Assignment -
Word for word, copy the data that follows and skip its pictures.

Material for this task -

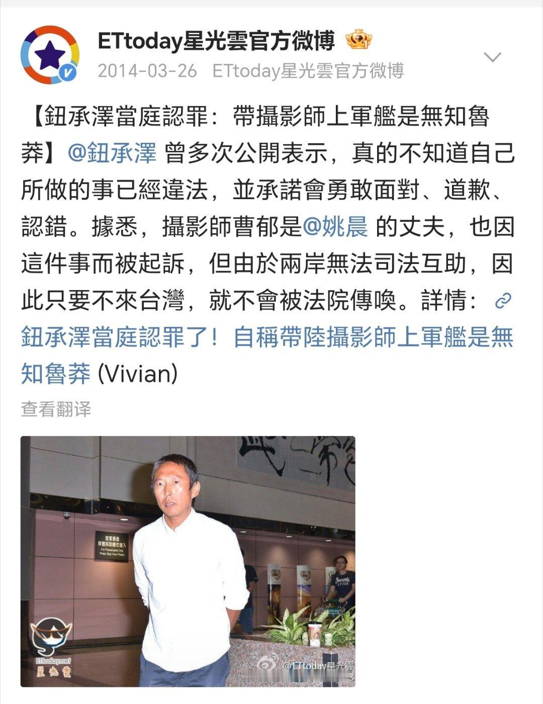 姚晨前夫曹郁还有这件事,所以只要曹郁去台湾,就有可能被台湾当局逮捕。
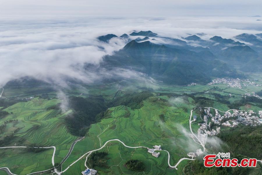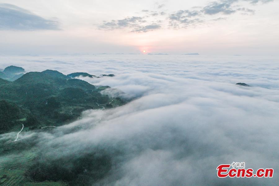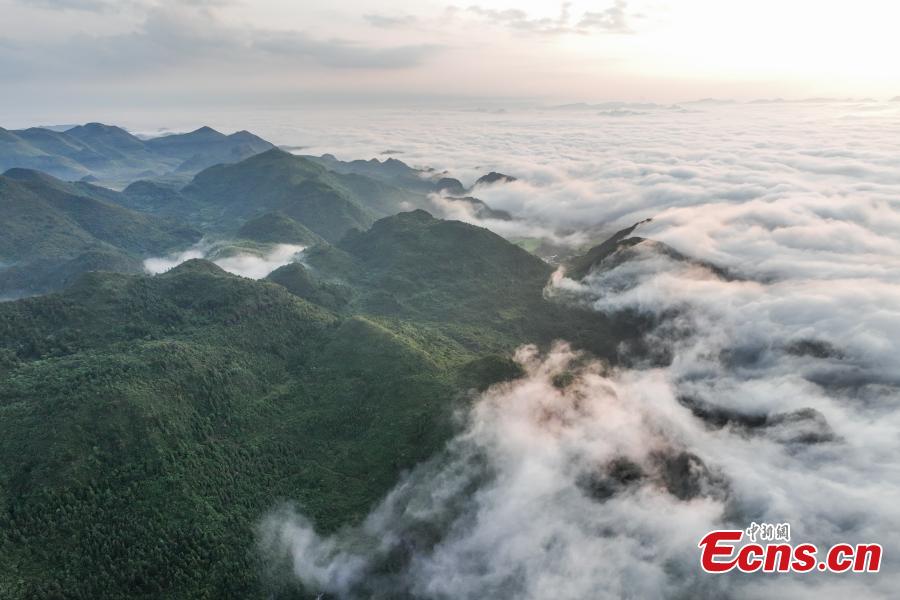 Photo taken on Aug. 6, 2025 shows breathtaking sea of clouds in Qiannan Buyi and Miao Autonomous Prefecture of southwest China's Guizhou Province. (Photo/China News Service)
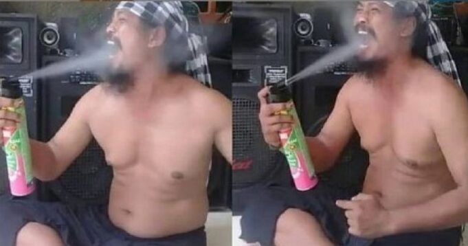 A man, identified as Ki Galang Pamungkas, who went viral after he sprayed insecticide into his mouth has died.
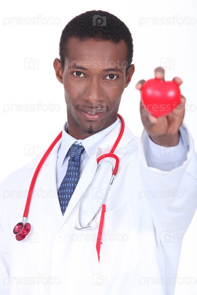 Врач с пластиковым сердцем в руке
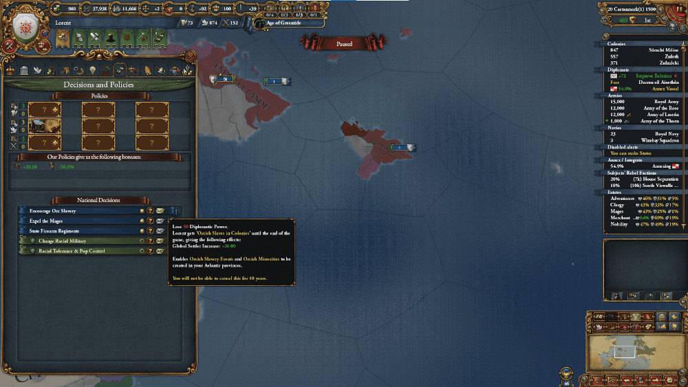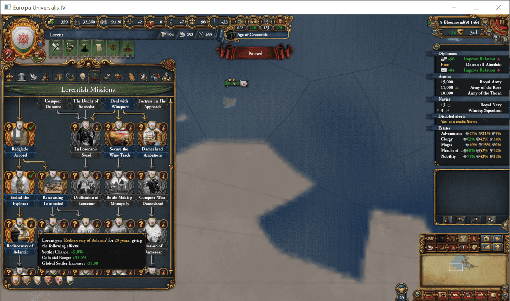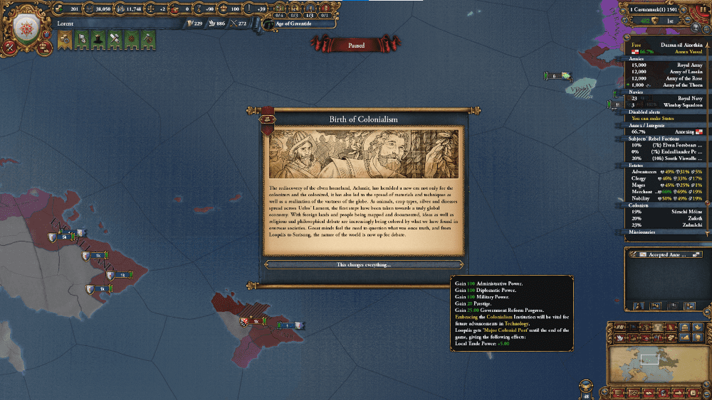1465年10月、財政には余裕があるので2つの植民を同時並行で行います。また、この頃から他国でもAelantir大陸探索と植民が活発化し始めました。現時点でDeranne公国とVenailエルフ王国が植民活動を行っています。
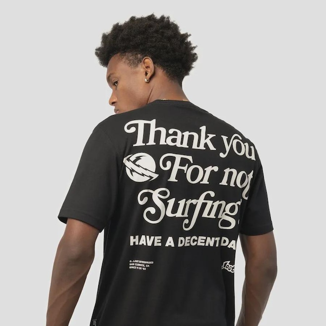 Design minimalista, cores que conversam e estampa clássica e elaborada, essa camiseta é um agradecimento especial aos pregos de carteirinha que desistiram de entrar no mar bem quando o swell gigante entrou. Tenham um excelente dia, a gente agredece.
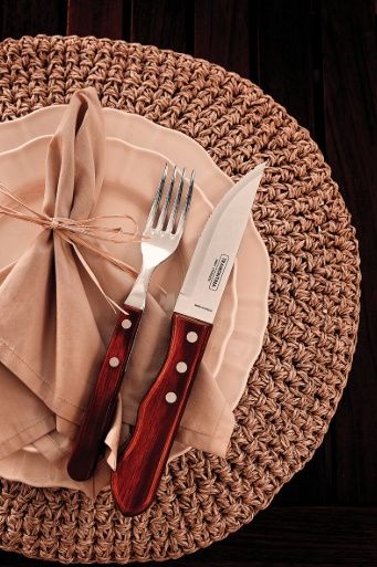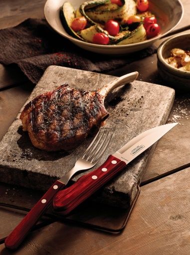 Garfo de mesa Jumbo Tramontina Polywood com cabo de madeira, ideal para refeições diárias e churrasco.

Reply -
 姚晨前夫曹郁还有这件事,所以只要曹郁去台湾,就有可能被台湾当局逮捕。
 Photo taken on Aug. 6, 2025 shows breathtaking sea of clouds in Qiannan Buyi and Miao Autonomous Prefecture of southwest China's Guizhou Province. (Photo/China News Service)
 A man, identified as Ki Galang Pamungkas, who went viral after he sprayed insecticide into his mouth has died.
 Врач с пластиковым сердцем в руке
1465年10月、財政には余裕があるので2つの植民を同時並行で行います。また、この頃から他国でもAelantir大陸探索と植民が活発化し始めました。現時点でDeranne公国とVenailエルフ王国が植民活動を行っています。
 Design minimalista, cores que conversam e estampa clássica e elaborada, essa camiseta é um agradecimento especial aos pregos de carteirinha que desistiram de entrar no mar bem quando o swell gigante entrou. Tenham um excelente dia, a gente agredece.
 Garfo de mesa Jumbo Tramontina Polywood com cabo de madeira, ideal para refeições diárias e churrasco.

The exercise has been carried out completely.